I think the last two nights kind of show that the team actually was playing better as a team, and not because of Blake himself. It's kind of hard to look good when you have 2 players in double figures, and you don't play decent defense.

So what have we learned boys and girl? 

Blake looked a lot better than he was, because the rest of the team was playing better. Blake actually looked a lot like Telfair when the rest of the team was playing like it was when Telfair was playing.

moral of the story? 

The creation of the "we have to keep starting Blake" Bandwagon was a little premature.


----------



## mook (Dec 31, 2002)

lol. in 8 starts the guy has now twice pulled off 11 or more assists (something Telfair hasn't come close to doing even once in 21 games) and the moral is that we shouldn't start Blake? 

it's getting ridiculous. Blake could part the Red Sea and you'd just point out that Moses did it first. 

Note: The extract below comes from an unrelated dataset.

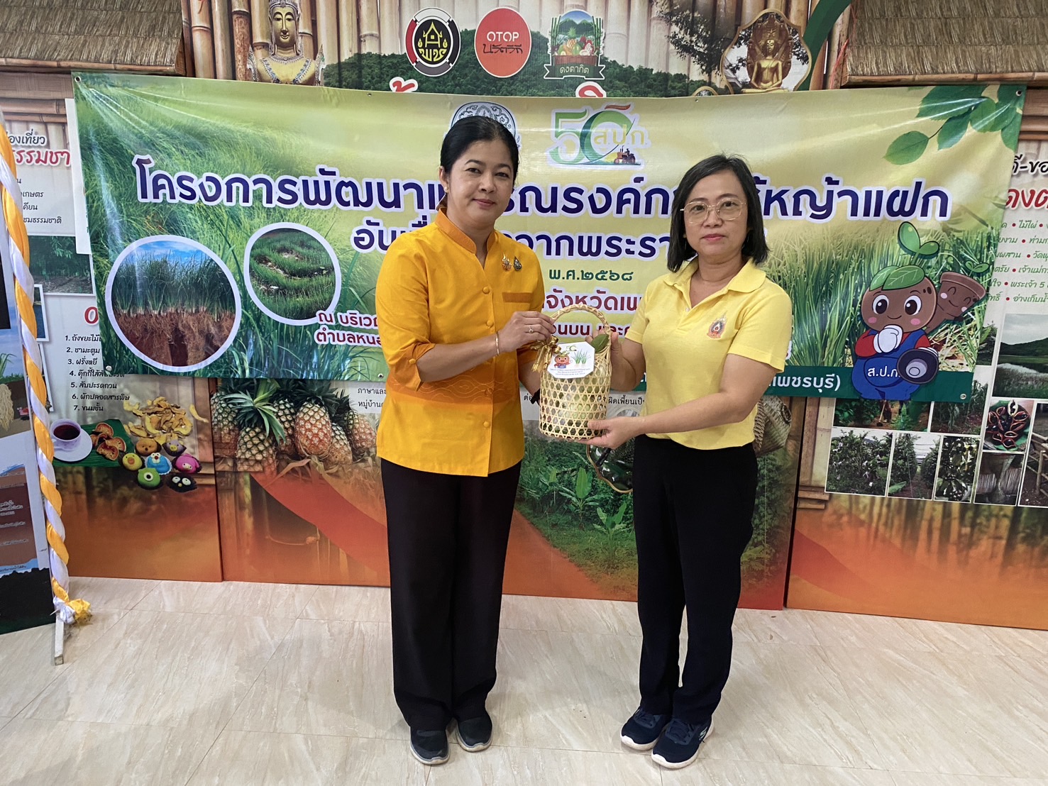 2. การบรรยายเกี่ยวกับพัฒนาและรณรงค์การใช้หญ้าแฝก เพื่อตระหนักถึงความสำคัญของการอนุรักษ์ดินและน้ำ และการใช้ประโยชน์จากหญ้าแฝก โดยวิทยากรจากสถานีพัฒนาที่ดินเพชรบุรี

it's pointless even talking about it anymore. anytime anybody says anything in defense of Blake starting, you imply nonsense about how "some people think he's the only reason we're doing better," which is absolutely stupid. 

I'm pretty much through with this. there's no point in arguing this anymore for me.


----------



## Dan (Dec 30, 2002)

theWanker said:


> lol. in 8 starts the guy has now twice pulled off 11 or more assists (something Telfair hasn't come close to doing even once in 21 games) and the moral is that we shouldn't start Blake?

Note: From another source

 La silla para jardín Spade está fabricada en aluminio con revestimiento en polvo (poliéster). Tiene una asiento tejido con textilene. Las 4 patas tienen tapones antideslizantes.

The moral is we shouldn't be annointing him as the permanent starter or that he's playing at such a great rate that he is 100% the starter.

Btw, his 2 "11 or more assist" nights (out of 9 starts) also also came in losses. People *****ed a lot when Telfair had 27 points and 7 assists...in a loss. (Btw, 27 and 7 is better than 5 and 11).

You're also comparing things that aren't the same. Put telfair in a lineup with Juan Dixon and Zach Randolph passing a whole lot more, and Ruben playing well within the system.



> it's getting ridiculous. Blake could part the Red Sea and you'd just point out that Moses did it first.


yah...because Blake is doing something thats like parting the sea that's so unusual and great...



> it's pointless even talking about it anymore. anytime anybody says anything in defense of Blake starting, you imply nonsense about how "some people think he's the only reason we're doing better," which is absolutely stupid.
> 
> I'm pretty much through with this. there's no point in arguing this anymore for me.


It's kind of pointless to argue about it because people (mostly abm and apparently yourself) are refusing to see that he's a small portion of whats happening, and not an inaugural point to the reason why. 

Not admitting that Blake is benifitting from the improvement of Zach, the solid play from Ruben, and having a starting SG who isn't a rookie or whatever, is kind of important to the arguement. 

Considering that it was argued that he was shooting better (tho his % keeps dropping. he's now down to 40% from the floor, and 30% from 3's. ) and the teams assists are going up (although ignoring that they're playing the system better) and that his turnovers are less (although not a whole lot and the team as a whole is averaging more)..well, it's kind of funny that people still aren't going to admit that he's not really out-right "earning" his starting spot. 

And if you take into account that the 3 wins that they had were against a bad Kings team, a streaky 76ers team and a bad wovles team, and Zach's production is up 6 points a game..

well you're right, it is getting tired arguing about it, mostly because one side of the arguement seems to be a lot of jumping on a bandwagon style thinking.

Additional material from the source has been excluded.